EAST RUTHERFORD, N.J. -- There's a different look to the Stanley Cup finals, one Colorado coach Bob Hartley sees whenever he glances into goaltender Patrick Roy's expressive eyes.
"These eyes have been spitting fire," Hartley said Friday.
There's a much different look, however, to the defending champion New Jersey Devils, who now face what even they acknowledge is a must-win Game 4 against the Avalanche on Saturday night.

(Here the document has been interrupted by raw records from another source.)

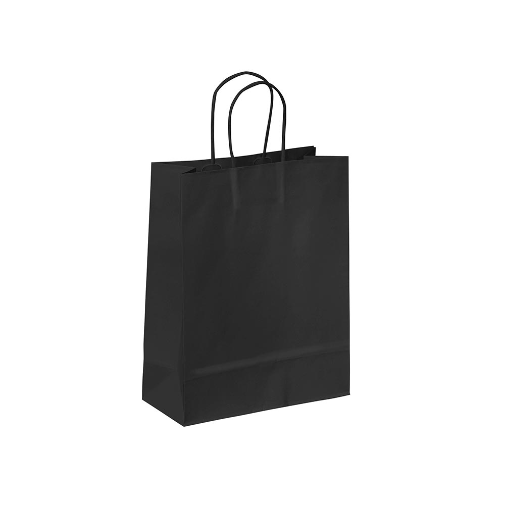 Zwart bedrukte papieren draagtas met omgeslagen bovenrand, gemaakt van 120 grams wit kraft. De draagtas is voorzien van 2 zwarte gedraaide papieren handgrepen die zijn ingeplakt aan de binnenzijde van de draagtas. De binnenzijde van de tas is wit.
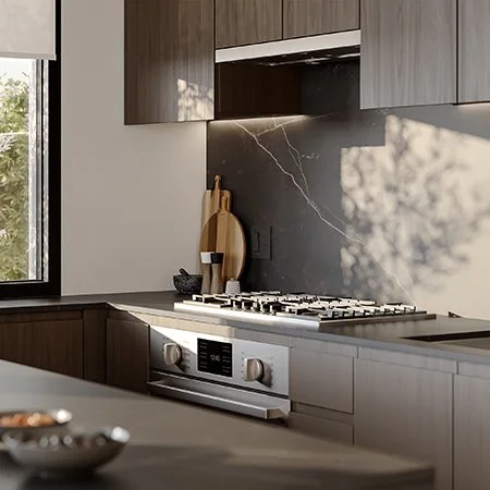 Capturando la tranquilidad del anochecer, nuestra paleta más oscura Reflect combina elegantes gabinetes de nogal, Dekton veteado similar al mármol, baldosas de cerámica y pisos tonales.
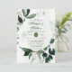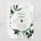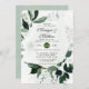 Das Design zeichnet sich durch ein bedrucktes, farbiges Blattelement in den Farbtönen von Salbei grün und Smaragdgrün, Eukalyptus-Blattwerk aus, das auf einem hellgrünen Aquarellhintergrund Blätter trägt. Kalligrafie oder Schrift mit dem Design-Kunstwerk. Sammelstück mischen und abgleichen. Ideal für Ihre Hochzeitsfeiern!
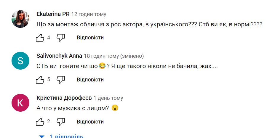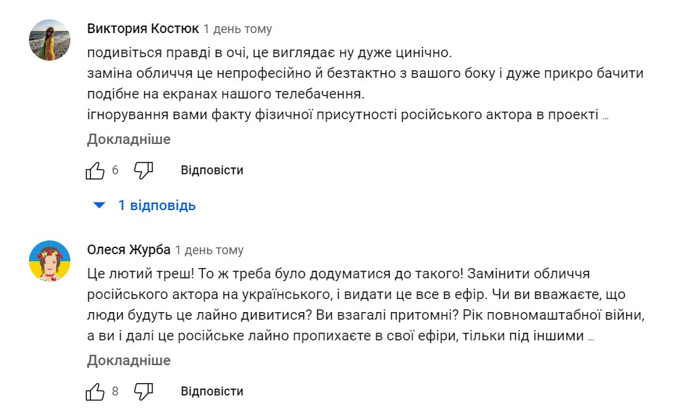 Больше всего замена лица дипфейком возмутила украинское актерское сообщество. Скандал прокомментировали такие артисты, как Петр Крылов, Артур Логай, Тарас Цымбалюк, Григорий Бакланов и другие.

They wore expressions of self-doubt, confusion and apprehension following a 3-1 loss in Game 3 Thursday that mostly left them looking for answers.
"When things go wrong, a lot of guys are panicking," goaltender Martin Brodeur said.
That doesn't sound like a team convinced it can win three of four against the NHL's regular season champions and retain the cup that may be slipping away with every period, every shift, every failed power play, every shot they can't get past Roy.
For the first time in the playoffs, the Devils seem to understand they may be playing a team that, largely because of Roy's determination and 40-year-old Ray Bourque's desperation, might be more driven than they are.
"I think his eyes will tell you a lot of secrets," Hartley said of Roy. "He is on a mission. He is cocky. He is confident. He is standing very tall in front of the net ... he is the guy that is providing all the necessary fuel to everyone."
The passion that drives Roy, maybe even the rage, was visible when he unwisely wandered out far from the net to play the puck late in the second period Thursday and nearly gave up a short-handed goal to Patrik Elias, whose shot hit the post.
Seething over a misplay that could have potentially cost him a fourth Stanley Cup, Roy upended the net with both hands as the period expired. His teammates didn't even try to talk to him between periods.
"When he's got that glow, you just leave him alone," Joe Sakic said.
Perhaps Roy's intensity motivated the Avalanche, perhaps it didn't, but Bourque scored what proved the game-winning goal only 31 seconds into the third period. Of course, it wasn't like Bourque needed any more impetus to win the cup, having played a record 1,882 games without touching the most famous trophy in team sports.
Bourque, who became the first 40-year-old to score a goal in the finals, said his family, his friends, his fans are so motivated to see him finally win the cup, he must be careful not to play with too much emotion.
Even his former city seems determined to help him lift the Stanley Cup for the first time in his 22-season career. The Game 3 TV ratings in Boston were more than twice as high as the national average, a reflection of the immense interest in Bourque's quest for the cup in the city where he played more than 20 years.
"Every game and every series, they're right there emotionally with you, sometimes a lot more emotionally than you are, and I've got to calm them down," said Bourque, who has a 17-year-old daughter and sons who are 15 and 10. "They know what it's all about ... I'm chasing the ultimate prize, and their dad is close."
Much too close for the Devils, who were the NHL's highest-scoring team during the regular season but have gotten the puck past Roy only three times in three games and are 1-for-15 on the power play.
Keep this up, and the Devils realize the Avalanche may take the cup from them as early as Game 5 Monday night in Denver, just as the Devils took it from the Dallas Stars a year ago.
"It is hard when you can't anything going," Brodeur said. "I think it is a lot like the teams that played against us felt. We're feeling it a little bit the same way."
A round ago, it was the Pittsburgh Penguins who were similarly exasperated by the Devils' neutral zone trap, unable to find the open space needed to make plays and create goals. The Avalanche don't play the trap, even if some Devils insist they do with the lead, but they still have allowed a goal or fewer in eight of their last 12 playoff games.
"But we're just halfway there and it's still a long way to go," Roy said. "We know it (Game 4) is going to be a big game, and they're probably going to play their best game of the series. We have to respond and play with the same intensity we did in Game 3."
The same look, too?
"We're desperate," Sakic said. "We don't want to go back to Denver 2-2. If you can get it to 3-1 going home, that would be a huge lift for us."